= What to work on =
Please reproduce every record exactly as written, leaving out the pictures.

= Materials provided =

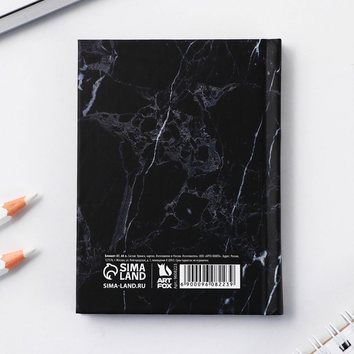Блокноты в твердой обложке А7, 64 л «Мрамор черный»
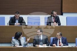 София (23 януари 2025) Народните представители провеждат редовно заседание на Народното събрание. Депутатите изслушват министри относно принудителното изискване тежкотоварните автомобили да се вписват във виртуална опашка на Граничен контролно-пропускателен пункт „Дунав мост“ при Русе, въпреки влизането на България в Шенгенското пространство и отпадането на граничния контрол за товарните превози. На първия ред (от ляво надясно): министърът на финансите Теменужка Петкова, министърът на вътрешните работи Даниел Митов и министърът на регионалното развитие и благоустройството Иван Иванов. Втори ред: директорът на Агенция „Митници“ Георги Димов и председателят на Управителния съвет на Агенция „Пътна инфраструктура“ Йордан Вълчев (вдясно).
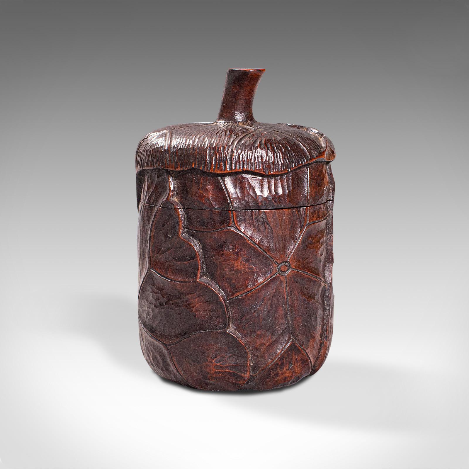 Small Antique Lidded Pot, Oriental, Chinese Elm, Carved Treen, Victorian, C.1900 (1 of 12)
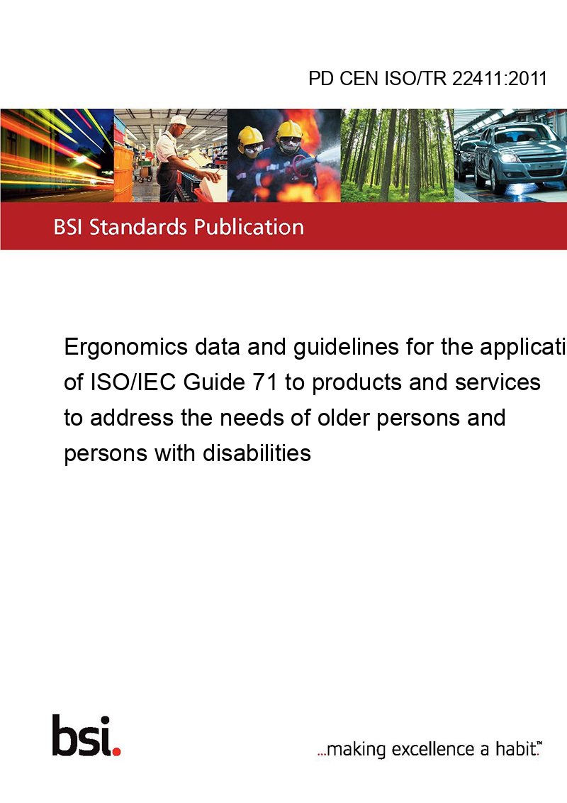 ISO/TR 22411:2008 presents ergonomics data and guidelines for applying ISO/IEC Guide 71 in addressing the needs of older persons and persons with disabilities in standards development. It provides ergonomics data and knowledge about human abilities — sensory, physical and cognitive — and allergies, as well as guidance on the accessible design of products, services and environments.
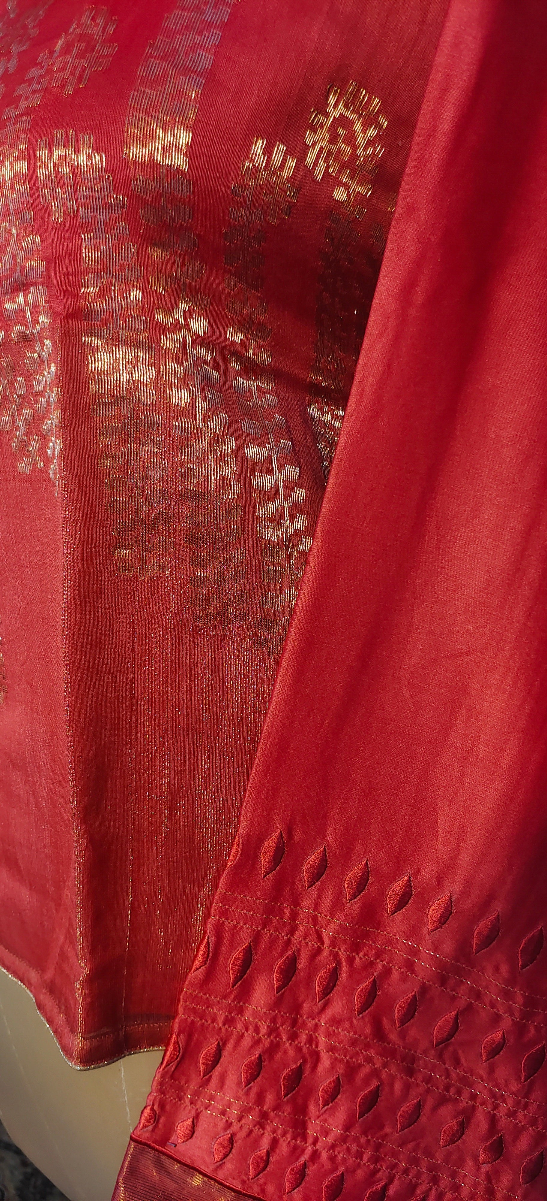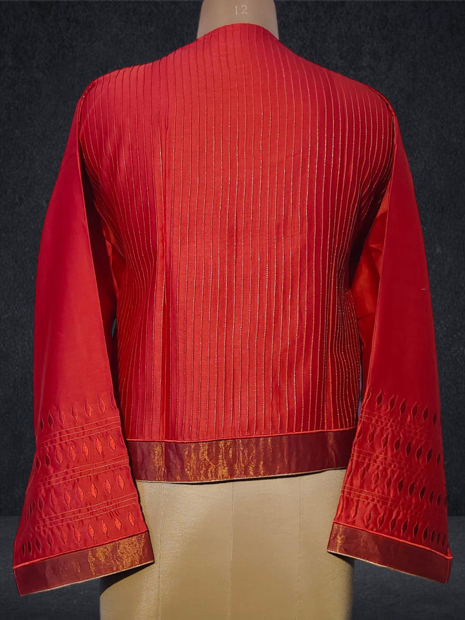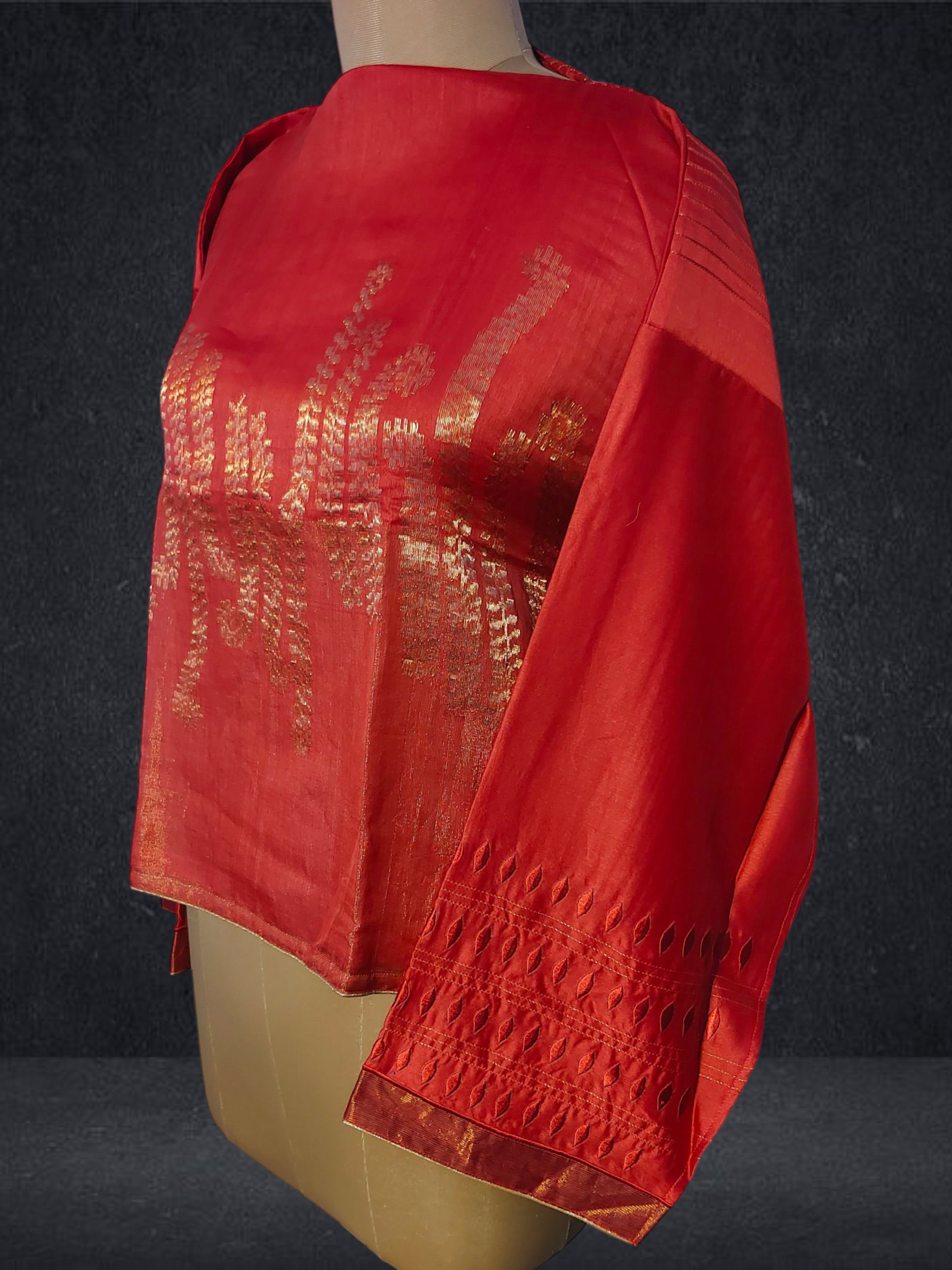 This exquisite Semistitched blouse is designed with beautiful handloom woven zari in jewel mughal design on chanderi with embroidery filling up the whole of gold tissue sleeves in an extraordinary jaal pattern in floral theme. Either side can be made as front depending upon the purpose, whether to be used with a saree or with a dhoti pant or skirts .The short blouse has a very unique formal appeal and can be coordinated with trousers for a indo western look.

= Solution to this exercise =
Блокноты в твердой обложке А7, 64 л «Мрамор черный»
 София (23 януари 2025) Народните представители провеждат редовно заседание на Народното събрание. Депутатите изслушват министри относно принудителното изискване тежкотоварните автомобили да се вписват във виртуална опашка на Граничен контролно-пропускателен пункт „Дунав мост“ при Русе, въпреки влизането на България в Шенгенското пространство и отпадането на граничния контрол за товарните превози. На първия ред (от ляво надясно): министърът на финансите Теменужка Петкова, министърът на вътрешните работи Даниел Митов и министърът на регионалното развитие и благоустройството Иван Иванов. Втори ред: директорът на Агенция „Митници“ Георги Димов и председателят на Управителния съвет на Агенция „Пътна инфраструктура“ Йордан Вълчев (вдясно).
 Small Antique Lidded Pot, Oriental, Chinese Elm, Carved Treen, Victorian, C.1900 (1 of 12)
 ISO/TR 22411:2008 presents ergonomics data and guidelines for applying ISO/IEC Guide 71 in addressing the needs of older persons and persons with disabilities in standards development. It provides ergonomics data and knowledge about human abilities — sensory, physical and cognitive — and allergies, as well as guidance on the accessible design of products, services and environments.
 This exquisite Semistitched blouse is designed with beautiful handloom woven zari in jewel mughal design on chanderi with embroidery filling up the whole of gold tissue sleeves in an extraordinary jaal pattern in floral theme. Either side can be made as front depending upon the purpose, whether to be used with a saree or with a dhoti pant or skirts .The short blouse has a very unique formal appeal and can be coordinated with trousers for a indo western look.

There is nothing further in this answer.